Saturday, May 9, 2009
I sit back and replay all of the wrong that has been done in my life, believing and hoping that others are somewhat like me and that way of being is honets and reliable. Growing up and maturing you find that people don't always do as they say they will and it amazes me at the audacity a person has to place their needs before another's . I know you're thinking that she is tipping hard expecting someone to place her needs before theirs. The fact is that when you are asked and when you agree to do something then its simple do it!I know I take the blame of trusting and relying on some, when I should infact place my trust in God! Mistake #1 I try my best to support and encourage others who are striving to better and enrich their lives in a positive way. I am kind and sweet to all that cross my path but what I have learned is that people will disappoint you! Whatever happened to the standup people of the world!
I guess you know by now that I am very upset with someone for not doing what they agreed to do and now because they didn't see or care that my situation was as important as theirs I am forced to endure some uncomfortable situations! It sucks! and it bothers me. I am not rich and I only receive money from the royalty that my books makes me when they sell! I work a job and I struggle everyday like the next person but I have decided to do the process of elimination and DISMISS individuals out of my life who has proven to me that they are not trustworthy! I don't think that I should be the one constantly calling to see whether or not the other person has done what they should have many months ago! Okay now that I've ranted!
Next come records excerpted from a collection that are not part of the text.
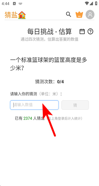 1、在每日挑战-估算中,点击输入框,输入你猜测的标准篮球架篮筐高度数值,再点猜提交,共4次猜测机会。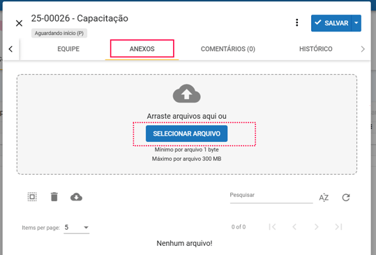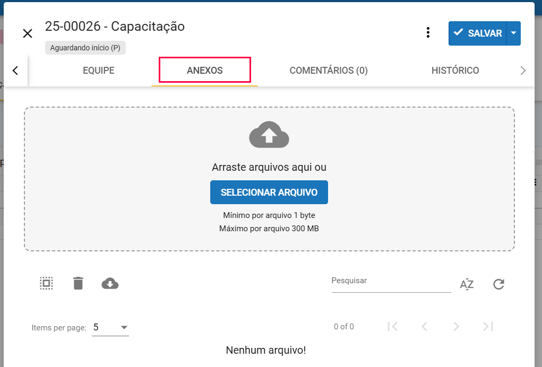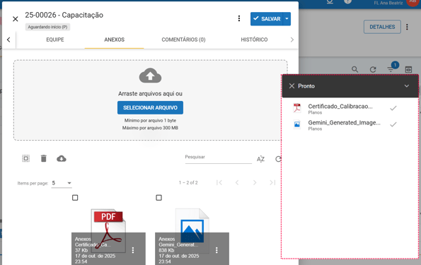 O sistema permite o envio simultâneo de vários arquivos como anexos. Para garantir que todos os arquivos sejam corretamente processados, é importante aguardar até que o carregamento de cada um seja concluído. Somente após esse processo os arquivos aparecerão na lista de anexos vinculados a ação.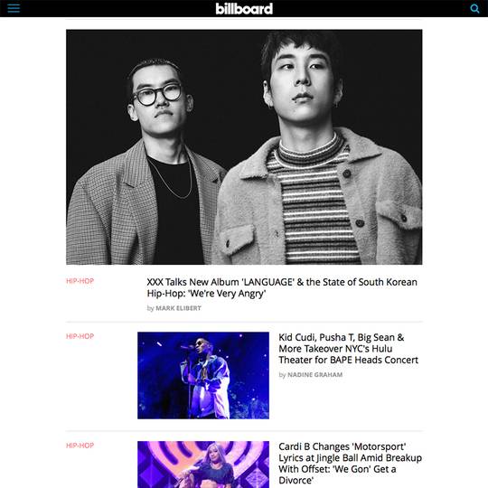 힙합듀오 XXX가 뉴욕타임즈 소개에 이어 빌보드 단독 인터뷰를 진행했다.
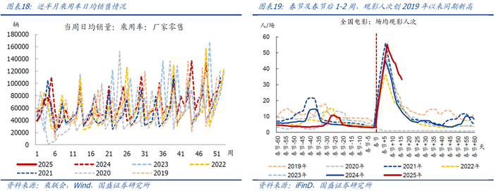 人员流动:春节之后,航班数量先升后降、中枢有所回落。春节及春节后1-2周,商业航班执飞数量先升后降、中枢相比节前有所回落,均值环比回落1.1%至约16480架次/日,仍为有数据以来同期最高;相比2024年同期偏高约4.7%,约为2019年同期的110.7%。

I am in the process of working on my third book! I know, I know!! I am taking on many things as I prepare to do an extensive Marketing and Promoting Strategy! All in the name of my books and soon to be Publishing Company! Distracted by everyday life's obstacles I have been blessed with adequate income that will afford me to do so!! I thank God for the spirit of discernment! I thank God for my strength and will to overcome and to keep moving forward! People who think that they are getting over on me are only making it harder for themselves! In ending know the people who you decide to allow into your space! DON'T GET MAD ... SUE THEM!!